Jenaplan kernkwaliteiten
Het jenaplanconcept draait om relaties, waaromheen 12 kernkwaliteiten zijn geformuleerd:
De relatie van het kind met zichzelf
1. Kinderen leren kwaliteiten en uitdagingen te benoemen en in te zetten, om zelfbewustzijn en zelfvertrouwen te ontwikkelen.
2. Kinderen leren zelf verantwoordelijkheid te dragen voor wat zij willen en moeten leren, hun werk te plannen en waar nodig uitleg te vragen.
3. Kinderen worden beoordeeld op de eigen vooruitgang in ontwikkeling, niet in vergelijking met elkaar.
4. Kinderen leren te reflecteren op hun ontwikkeling en daarover met anderen in gesprek te gaan.

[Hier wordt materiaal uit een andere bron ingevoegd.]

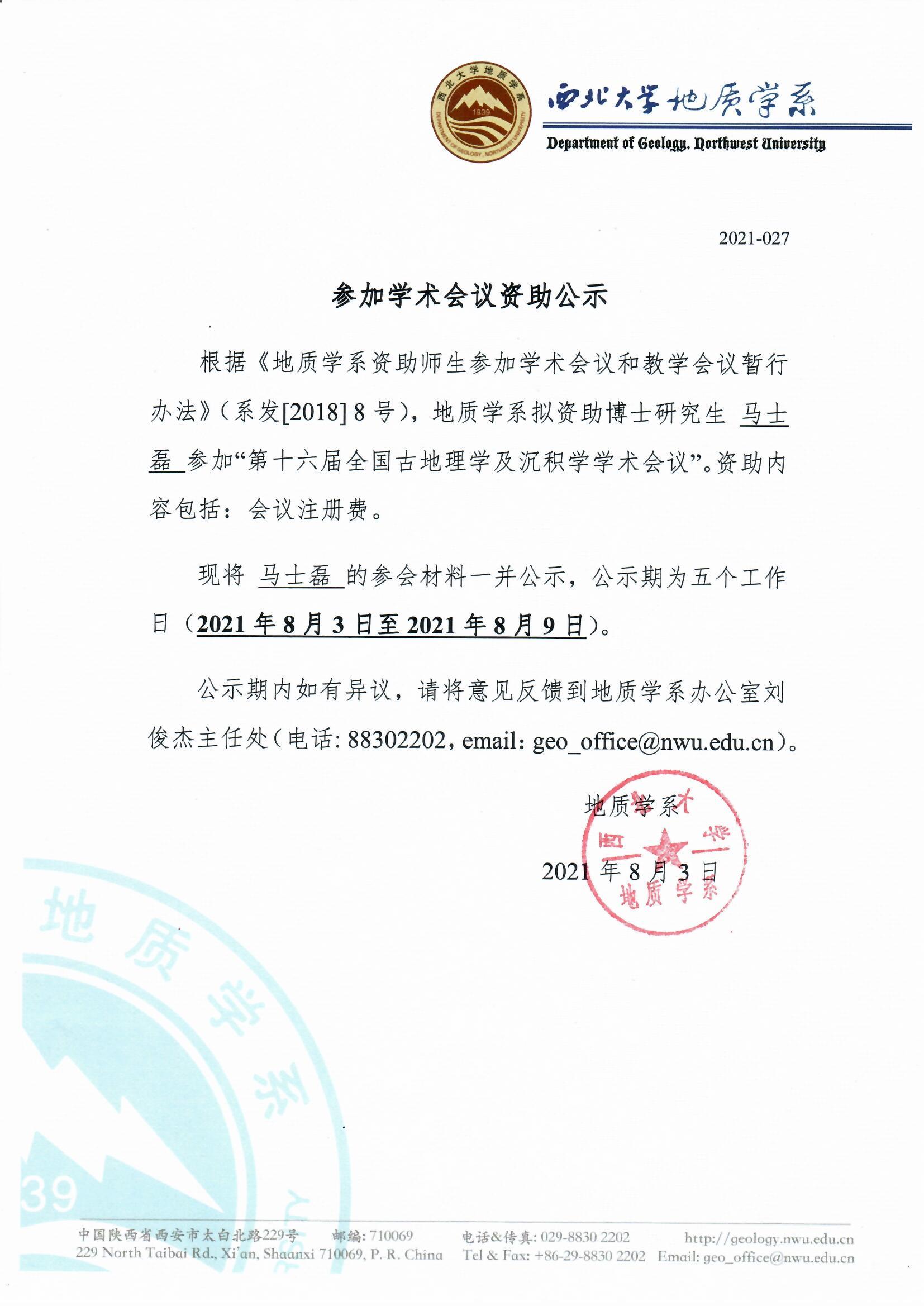 偷拍 关于资助博士研究生马士磊参加国内会议的公示

De relatie van het kind met de ander
5. Kinderen ontwikkelen zich in een stamgroep met 3 verschillende leerjaren.
6. Kinderen leren samen te werken, hulp te geven en te ontvangen en daarover te reflecteren.

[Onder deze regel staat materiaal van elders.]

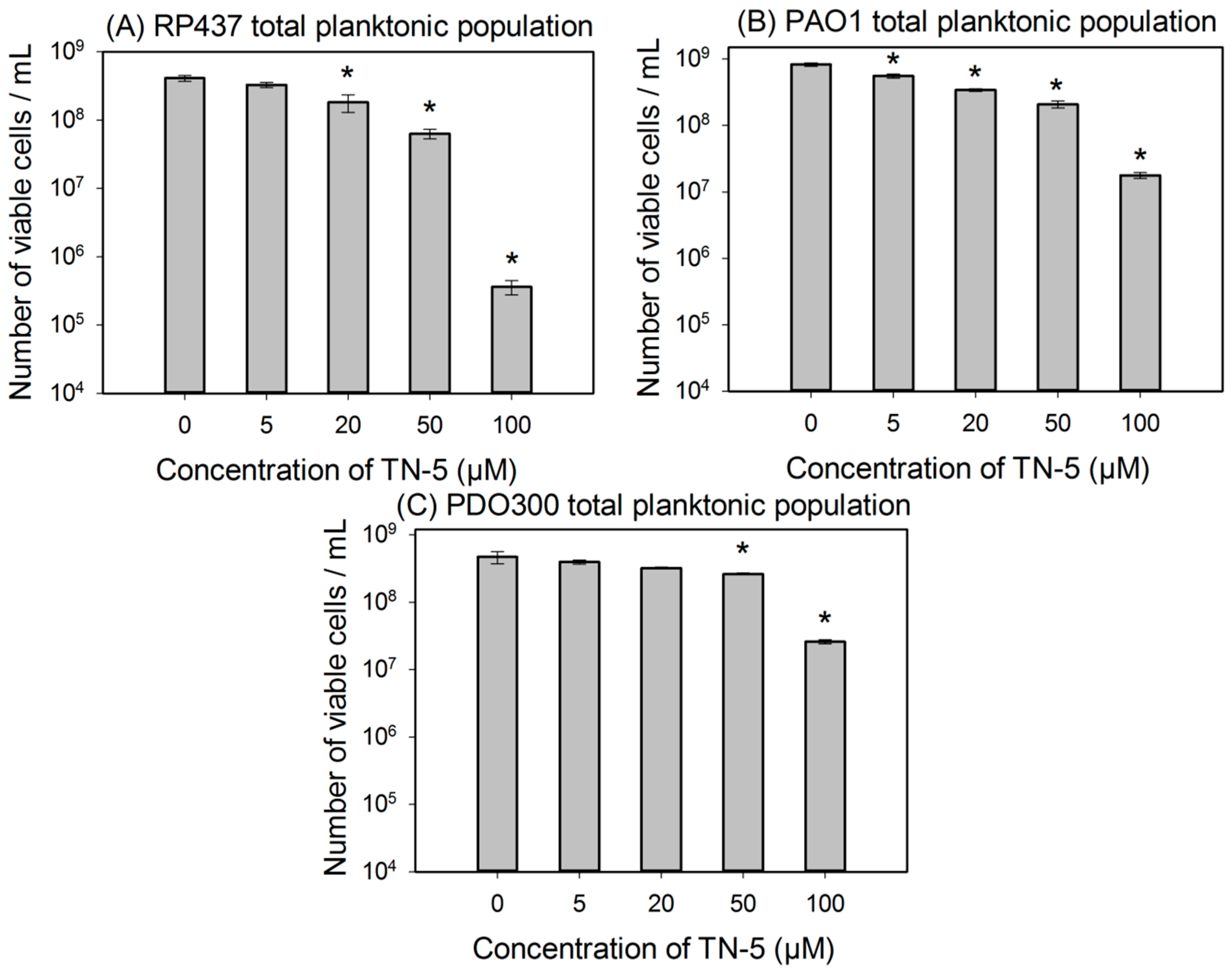 Effects of TN-5 on persister cells of E. coli RP437 (A), P. aeruginosa PAO1 (B), and PDO300 (C). The persister cells were isolated by treating exponential cultures of E. coli RP437 with 100 µg/mL ampicillin and overnight P. aeruginosa cultures with 200 µg/mL ciprofloxacin (both for 3 h). All significant differences (compared to the TN-5 free control) with p < 0.01 are marked with an asterisk.

7. Kinderen leren verantwoordelijkheid te nemen voor het harmonieus samenleven in de stamgroep en school.
De relatie van het kind met de wereld
8. Kinderen leren zoveel mogelijk in levensechte situaties dat wat ze doen ertoe doet.
9. Kinderen leren zorg te dragen voor de omgeving.
10. Kinderen passen binnen wereldoriëntatie het geleerde toe in een betekenisvolle omgeving.
11. Kinderen leren sprekend, spelend, werkend en vierend binnen een ritmisch weekplan.
12. Kinderen leren initiatieven te nemen vanuit hun eigen interesses en vragen, in een omgeving die dit aanmoedigt en mogelijk maakt.